# Smoking Pork Shoulder



## SuburbanSmoking (Nov 23, 2017)

Franklin,
     First I enjoy your show. Your inspiration helped me decide to tackle a big chunk of pork. In Denver we have a few technical problems we had to overcome. Roasting a roast in a charcoal grill is fraught with things which could go wrong. Cooking at 5280 feet above sea level will extend my cooking time a bit. Water boils here at a lower temperature. It's November so the temperature may also make the cooking time lower. Cooking in suburbia means I just torment my neighbors noses. Beginning with the rub.
    The idea of using an old seasoning shaker was pure genius. I've made rubs before but they were always in a bowl and usually afterwards we just threw out the leftovers because my hands were on the meat and back in the bowl and...well, sanitation prevented me from keeping the bowl. The shaker solved this problem for me and saved spices.
    Turning to my grill, it is only three feet long with a hinged middle rack. I figured the way to smoke this roast was to load the entire charcoal bay with mesquite infused charcoal. I'd stack them so we had plenty of time. Nine pounds of pork roast at 350 degrees would take an estimated nine hours of smoking. This meant I'm up at five A.M. rubbing and setting the grill in an effort to serve by three P.M. for Thanksgiving. The grill could be baffled if I wrapped a couple of grates in aluminum foil on the left and left one open of the right.
     We don't use charcoal fluid....I'm kind of a purist like that. Using a chimney starter I could avoid the weird petroleum taste. Dumping the started coals on the left, opening the vents on the left and shutting the vents on the right would let the coals burn slowly and smoke sufficiently. The grill has a temp gauge but I realize that's a S.W.A.G. at best. We have extra charcoal, if it burns too quick.
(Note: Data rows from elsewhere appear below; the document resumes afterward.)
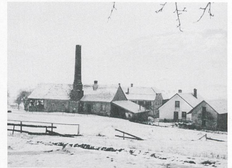
Blick auf die Ziegelei in Nendeln. Foto aus dem frühen 20. Jahrhundert.

Reinhold Meier. Geniale Erfindung illustriert Epochenwechsel. In Nendeln liegt ein Hoffmannscher Ringofen verborgen. In: Terra Plana. Zeitschrift für Kultur, Geschichte, Tourismus und Wirtschaft. Ausgabe 2013, Nr. 4, S. 30–33.
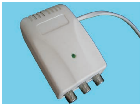
Articolo 7006F Item 7006F
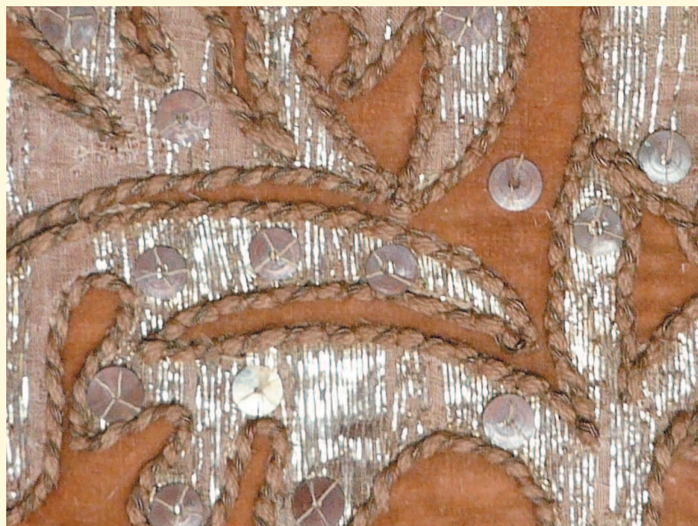
Fragment aplikacji po oczyszczeniu w trakcie prac, każda srebrna blaszka jest przytrzymywana kilkoma ściegami jedwabnej grzeży.
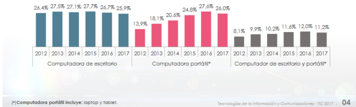
Figura 4: Equipamiento Tecnológico [15].

En el 2017 se incrementó en 12,1 puntos el equipamiento de computadoras portátiles en los hogares, con respecto al 2012.
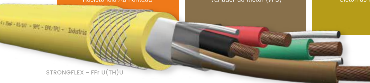
STRONGFLEX - FFr U(TH)U
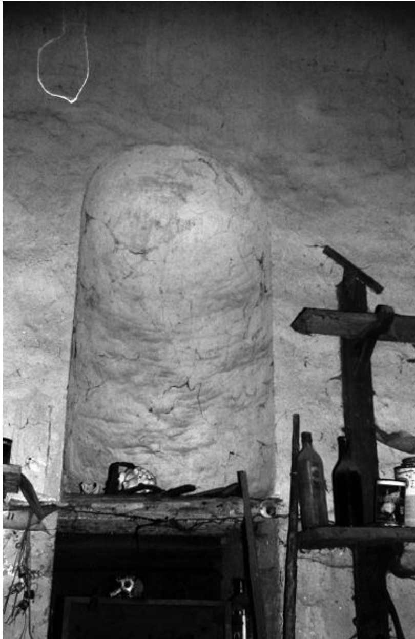
Détail d'une niche, chapellerie saint Julien, vestige du chevet de l'église du prieuré de Bénédictins.
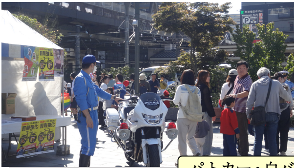
パトカー・白バイ展示 (山梨県警)
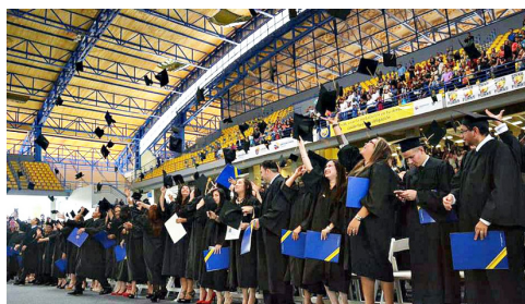
Ceremonia de graduación en el Polideportivo de la UNAH.

Es de notar que el 56% del ingreso estudiantil a la UNAH son mujeres y el 44% son hombres. La población femenina lidera los porcentajes de ingreso y egreso en la UNAH.
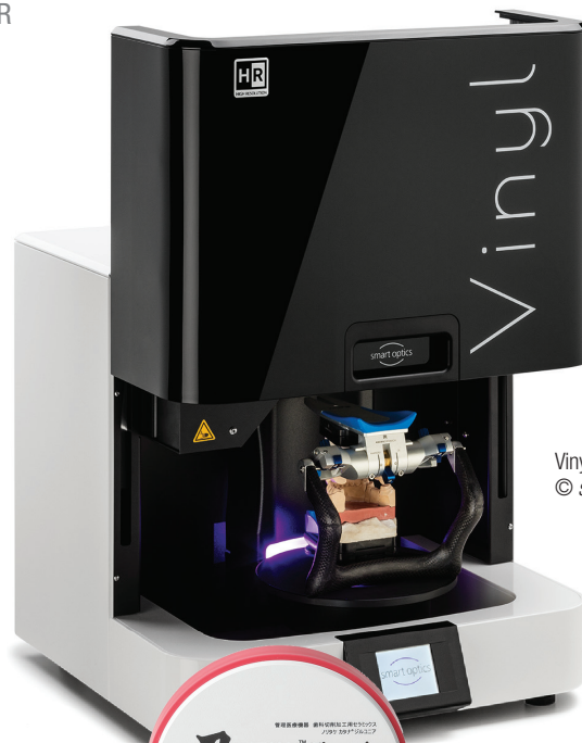
Vinyl High Resolution.

Besonders gefragt sind die regelmäßigen Kurse und Workshops rund um die moderne Zahntechnik, die Gold Quadrat mit seinen Partnern organisiert. Das nächste Highlight: Der User Day 2021 am 4. September im Formlabs Office in Berlin. Hier erwarten die Teilnehmer vielfältige Infos rund um den dentalen 3D-Druck – jetzt online anmelden!
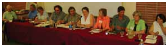
Le conseil d'administration de la FCABQ s'adresse à l'assemblée générale.
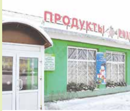
«Продтовары» в агрогородке Поплавы приглашают за покупками и праздничным настроением

С 25 декабря в кооперативных магазинах начинается пик праздничной торговли. Скидки, акции и распродажи будут еще привлекательнее и смелее. Следите за анонсами и приходите за покупками – не пропустите время волшебства!
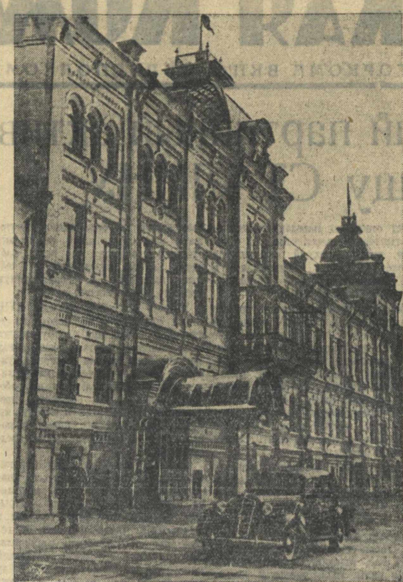
Внешний вид Областного дома партийного просвещения.
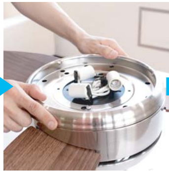
⑤下部パーツを戻します。
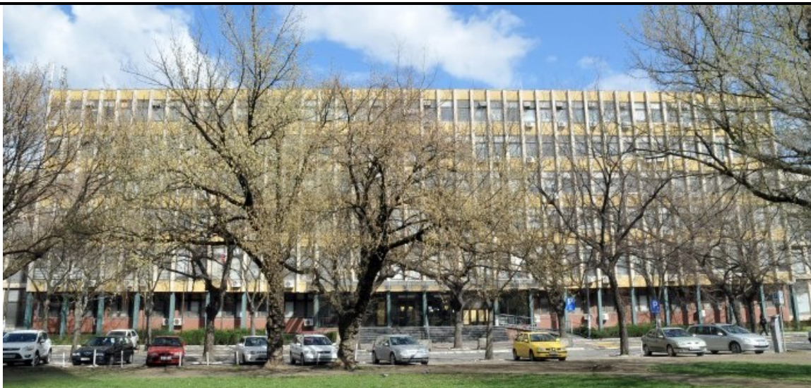
slika 1 - Zgrada pravosudnih organa u Novom Sadu u kojoj se nalazi Više javno tužilaštvo u Novom Sadu
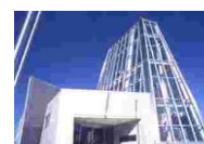
④③ フェライト子ども科学館
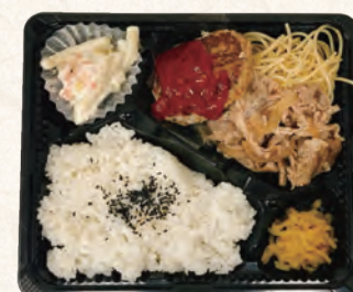
豚生姜焼き&ハンバーグ弁当
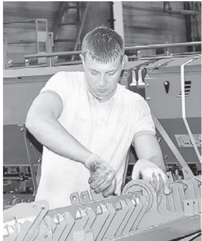
Рубцовский завод запасных частей производит нужную аграриям технику.
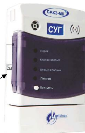
Рисунок 6 - Место установки пломбы сигнализатора исполнения СЗ-3-1ГТ
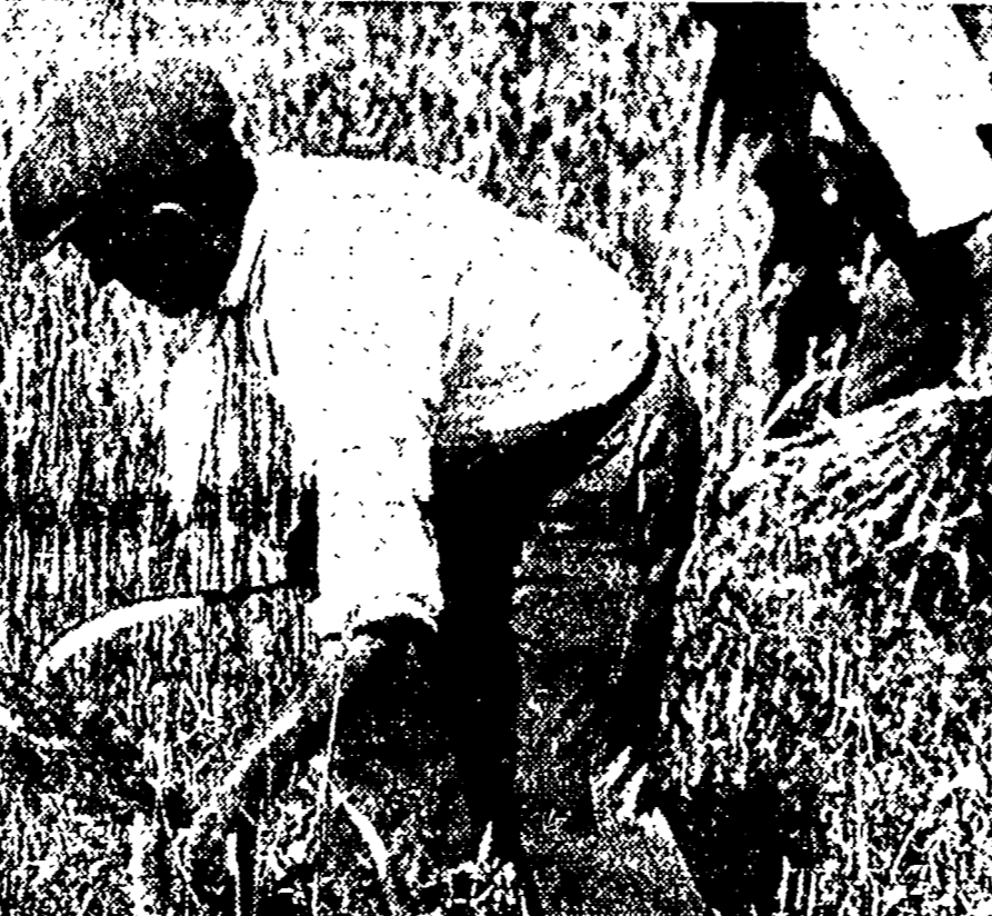
percepisce questo bracciano del grande latifondo dell'Agr. Romano. Quando ha chiesto un miglioramento salariale gli agrari hanno risposto offrendo il mero aumento di 20 lire giornaliere. Egli ora attende la solidarietà di tutti i lavoratori della città per vincere questa battaglia e portare la democrazia nelle campagne

One other part from your show which stuck with me was "If you are looking, you are NOT cooking..." so, without further delay I put the port on the elevated middle rack more to the left than right. Cut some cross cuts on the fat layer so the fat would render, put the fat side up and closed the hatch.
    I'll post again if I needed to add charcoal pork we just finish the roast. Wish me luck as I wait another seven hours. In the grill by six A.M. and now we just wait.


----------



## tallbm (Nov 23, 2017)

Hi there and welcome!


I'm not sure Aaron Franklin frequents these forums very much but I'm sure he would appreciate being your inspiration :)

Best of luck and Happy Thanksgiving!


----------